Sallmutter: Grasser ist für die Republik nicht mehr tragbar

Gipfelsturm mit Veit-Schalle als Gipfel der politischen Schamlosigkeit

Wien (GPA/ÖGB). "Offenbar hat Minister Grasser aus der Kritik rund um den von der Industriellenvereinigung geförderten Verein nichts gelernt. Die dreiste Verteidigung der Postenvergabe in der ÖIAG, bei der laut Rechnungshof eindeutig Rechtsnormen missachtet wurden, und zuletzt der Gipfelsturm mit Vertretern großer Handelskonzerne und der darauf folgende Vorstoß in der Kronen-Zeitung für eine Sonntagsöffnung im Handel stellen einen neuen Gipfel der politischen Geschmacklosigkeit dar”, erklärt der Vorsitzende der Gewerkschaft der Privatangestellten (GPA), Hans Sallmutter. ++++

"Grasser unterliegt offenbar einem völligen falschen Amtsverständnis, wenn er seine Tätigkeit primär als eine des Lobbyismus für gesellschaftliche Minderheitenpositionen versteht. Als Minister, der aus Steuerngeldern bezahlt wird, hat er immer die Gesamtinteressen des Staates im Auge zu behalten und nicht die Extrempositionen einer, wenn auch finanzkräftigen Minderheit, wie etwa in der Frage der Sonntagsöffnung. Noch dazu ist Grasser als Finanzminister für diese Frage nicht einmal ressortzuständig.
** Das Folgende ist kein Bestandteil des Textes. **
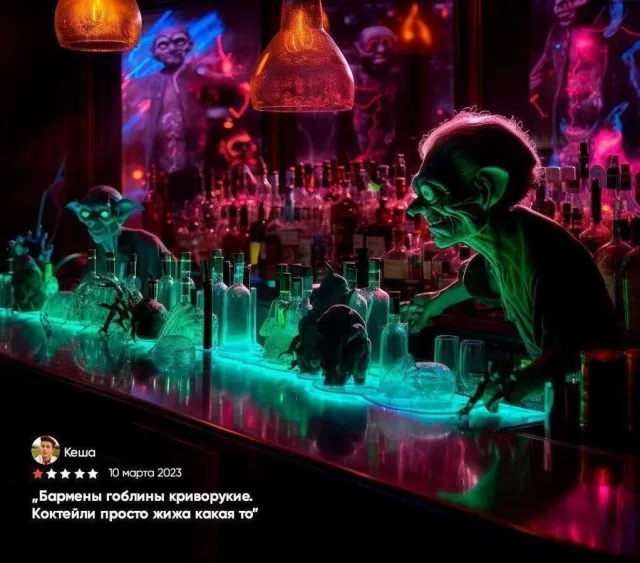 Владельцы одного бара в Москве сгенерировали в ИИ картинки по своим негативным отзывам :tongue:
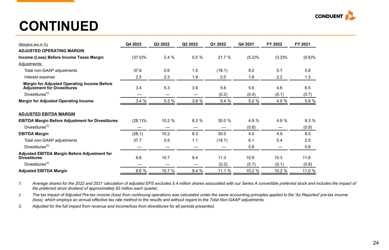(1)Average shares for the 2022 and 2021 calculation of adjusted EPS excludes 5.4 million shares associated with our Series A convertible preferred stock and includes the impact of preferred stock dividend of approximately $3.0 million and $10 million for the three months and years ended December 31, 2022 and 2021, respectively.
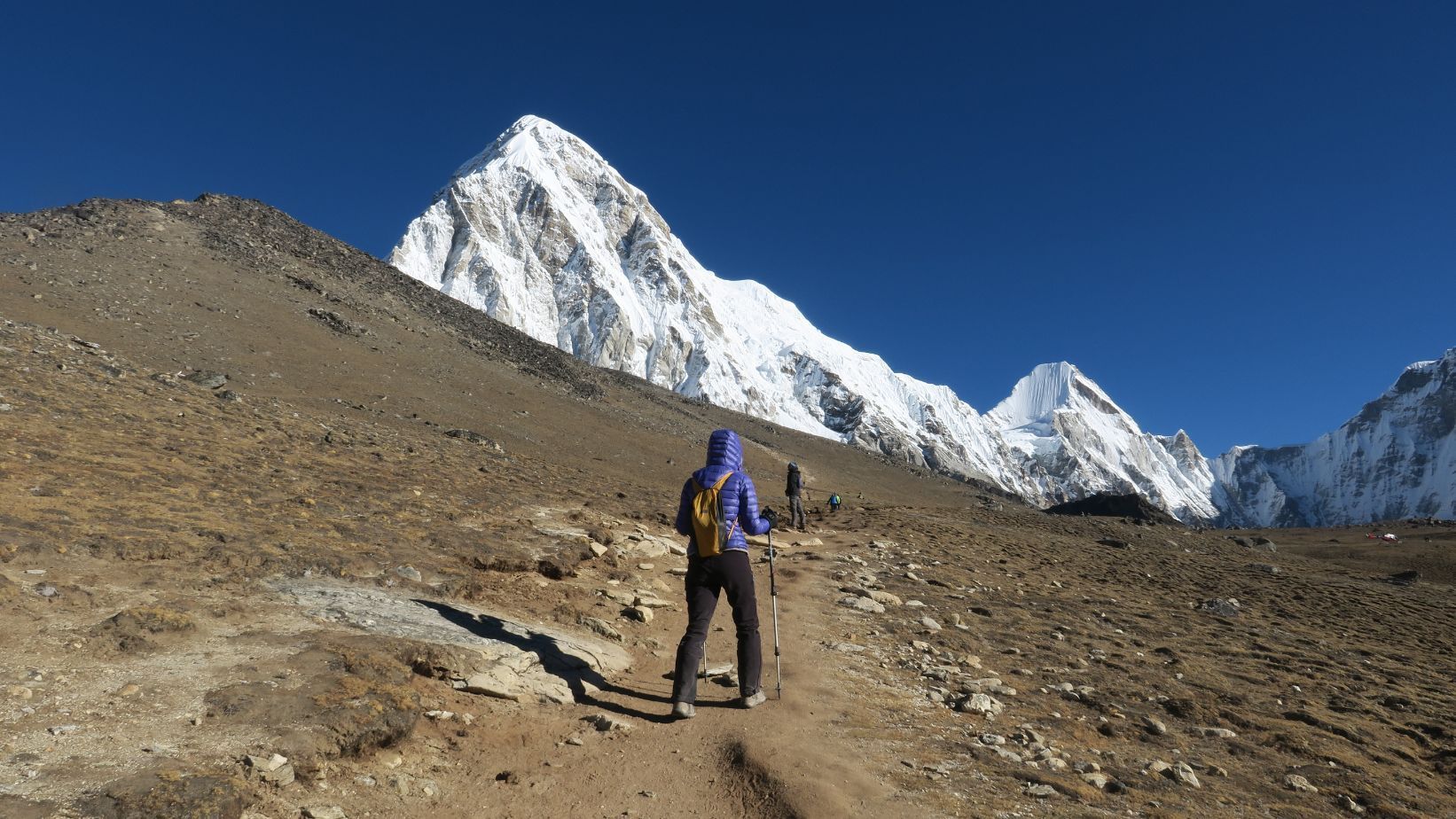 El camino no tiene pérdida, puesto que la cumbre del Kala Pattar se alza ahí delante, bajo el siempre impresionante Pumori. A nuestra derecha asoma la cumbre del Everest, mucho más visible que ayer.
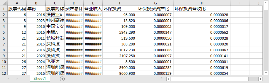 股票代码 年份 股票简称 资产总计 营业收入 环保投资 环保投资资产比 环保投资营收比
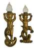 in the form of cherubs holding aloft fronds, each with one leg raised above a C and S rococo scroll carved plinth, with flame glass shades (2)

Nach der Affäre um seine von der Industrie finanzierten privaten Homepage fragt sich natürlich jede/r SteuerzahlerIn, was Grasser den VertreterInnen der Handelskonzerne politisch schuldig ist?”, so Sallmutter.

"Es ist ein Punkt erreicht, wo Bundeskanzler Schüssel aufgefordert ist, klärende Worte zu finden, um weiteren Schaden von der Republik abzuwenden. Immerhin ist der parteilose Finanzminister Karl Heinz Grasser eine Erfindung von Schüssel und es liegt in der Hand des Kanzlers, dem Treiben seines Finanzministers ein Ende zu machen”, schließt Sallmutter.